Authorizing users to run applications in a Liberty JVM server

To authorize user IDs to run transactions in a Liberty JVM server, you can either use CICS® transaction and resource security or you can use JEE application security roles to authorize access to JEE applications.

About this task

Using CICS security allows you to use existing security procedures but requires that individual web applications are accessed from different URIMAPs whereas using role-based security allows you to reuse existing standard JEE security definitions from another JEE application server. See Authenticating users in a Liberty JVM server. If you want to use CICS authorization exclusively, you can choose to avoid further Liberty role-based checking using the special subject ALL_AUTHENTICATED_USERS in the definition of your application in server.xml. If you deploy a Liberty application in a CICS bundle, CICS automatically configures this for you.
<application id="com.ibm.cics.server.examples.wlp.tsq.app" 
    name="com.ibm.cics.server.examples.wlp.tsq.app" type="eba" 
    location="${server.output.dir}/installedApps/com.ibm.cics.server.examples.wlp.tsq.app.eba">
	<application-bnd>
		<security-role name="cicsAllAuthenticated">
			<special-subject type="ALL_AUTHENTICATED_USERS"/>
		</security-role>
	</application-bnd>
</application>

Using this special subject, and giving the cicsAllAuthenticated role access to all URLs in your web applications deployment descriptor (web.xml), will allow access to the web application using any authenticated user ID and authorization to the transaction must be controlled using CICS transaction security. If you deploy your application directly to the dropins directory, it is not configured to use CICS security as dropins does not support security.

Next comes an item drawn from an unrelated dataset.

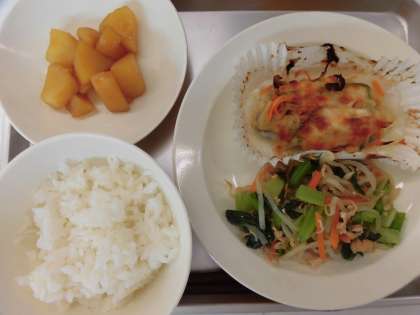【献立】ごはん・魚のみそチーズ焼き・おひたし・じゃがいもの甘辛煮・牛乳
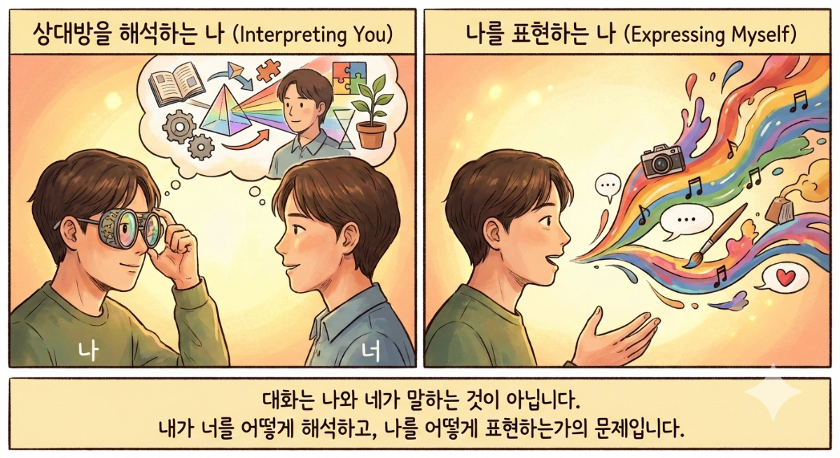 대화는 정보의 교환이 아닙니다. 너에 대한 정보를 내가 해석하는 것과, 나에 대한 정보를 내가 표현하는 것이 만나는 자리입니다. 그 중심에는 언제나 ‘나’가 있습니다. 이것을 이해할 때, 우리는 비로소 오해를 탓하지 않고 해석을 돌아보게 됩니다. 상대를 바꾸려 하기 전에, 내가 어떻게 해석하고 있는지를 먼저 살피는 것. 그것이 진짜 대화의 시작입니다.

To use CICS transaction or resource security you should follow the following steps:

Procedure

  1. Define a URIMAP of type JVMSERVER for each web application. Typically, you might specify a URIMAP to match the generic context root (URI) of a web application to scope the transaction ID to the set of servlets that make up the application. Or you may choose to run each individual servlet under a different transaction with a more precise URI.
  2. Authorize all users of the web application to use the transaction specified in the URIMAP using CICS transaction or resource security profiles.